No. 49/2012
The economy continued to be weighed down by the weakening global economy. Merchandise exports and production in export-oriented industries contracted further, along with imports of raw materials in these industries which signalled a continued pressure of the slowing global economy on exports trend. Nevertheless, the tourism sector and private spending continued to expand, albeit moderating private investment due to decreasing replacement and repair investment for flood-damaged properties. Concurrently, overall economic stability remained sound as the unemployment rate and inflation remained at a low level.
The global economic slowdown continued to weigh on exports of goods and production in export-oriented industries. Export value decreased by 5.1 percent year-onyear (yoy), primarily due to contracted exports of manufacturing products following softening global demand, particularly exports of integrated circuit and parts as well as hard disk drive. Meanwhile, exports of agricultural products continued to contract on the back of declining rice exports as a result of higher price relative to competitors, and decreasing rubber export price as a result of weakening global economy. Nonetheless, exports of automobile and parts exhibited favorable growth.
Deteriorating exports led to a greater decline in manufacturing production as reflected in a contraction of 11.3 percent (yoy) in the Manufacturing Production Index (MPI). This was largely attributable to decreased production in export-oriented industries, especially hard disk drive and integrated circuit and parts. Meanwhile, production in industries which produced for both domestic and foreign markets registered a favorable growth following accelerated automobile production to accommodate backlog orders, as well as electrical appliances production to meet ongoing domestic demand.
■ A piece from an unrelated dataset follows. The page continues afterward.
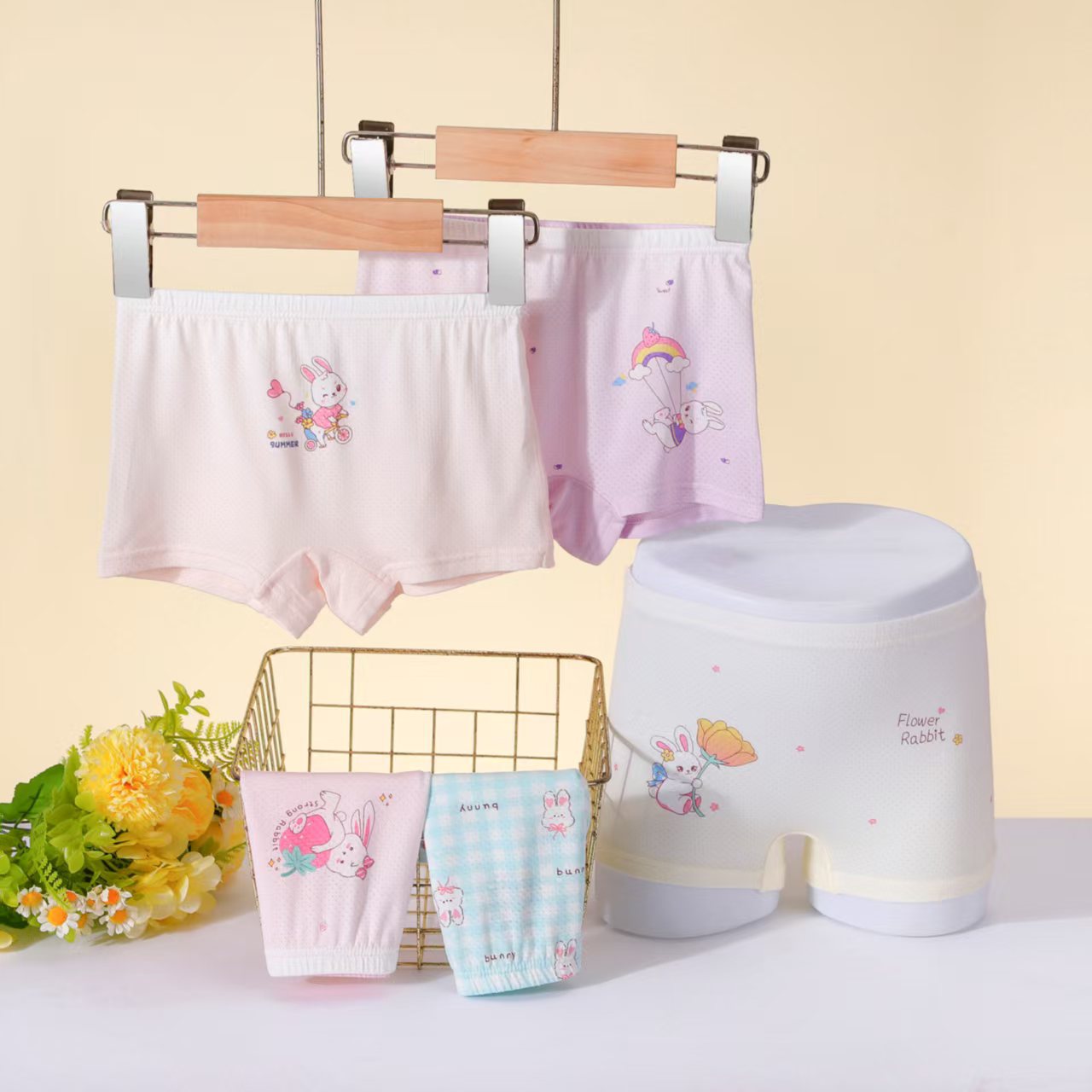 새로운 여아 속옷, 복서 스타일, A급 만화 토끼, 귀여운 어린이 복서 반바지, 통기성, PP 카드 용지 없음스토어 가기

Farm income rose by 3.8 percent (yoy), mainly from an increase in agricultural production which registered a growth of 19.4 percent (yoy) following rice production as a result of abundant water supply, as well as last year’s low base effect as a result of government’s campaign for farmers to refrain from second-round rice plantation. Meanwhile, agricultural price continually contracted by 13.1 percent (yoy) owing to declining rubber price as a result of softening global demand and last year’s high base effect.
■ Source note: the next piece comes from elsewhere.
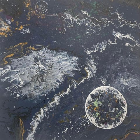 Taulu, itse maalattu akryylimaaleilla. Lähetys onnistuu.

As for the tourism sector, the number of foreign tourist arrivals in Thailand recorded at 1.9 million, expanding by 11.8 percent (yoy), following the rising number of foreign tourists across all regions. Notably, the number of tourists from the Middle East resumed growth after Ramadan period. Meanwhile, the number of tourists from Malaysia rose in this month, reflecting lessened concerns over the earlier bombing incident in Songkla province at the end of March.
Domestic spending exhibited a continual expansion. The Private Consumption Index (PCI) grew by 4.1 percent (yoy), following domestic automobile sales which continued to expand well due partly to the government scheme for first-time car buyers. Concurrently, VAT collection and imports of consumer goods, particularly in food and beverage category, rose substantially. Meanwhile, private investment expanded at a slower pace, partly as replacement and repair investment for flood-damaged properties started to wane. The Private Investment Index (PII) increased by 14.2 percent (yoy), moderated in tandem with machinery and equipment investment, particularly in imports of capital goods.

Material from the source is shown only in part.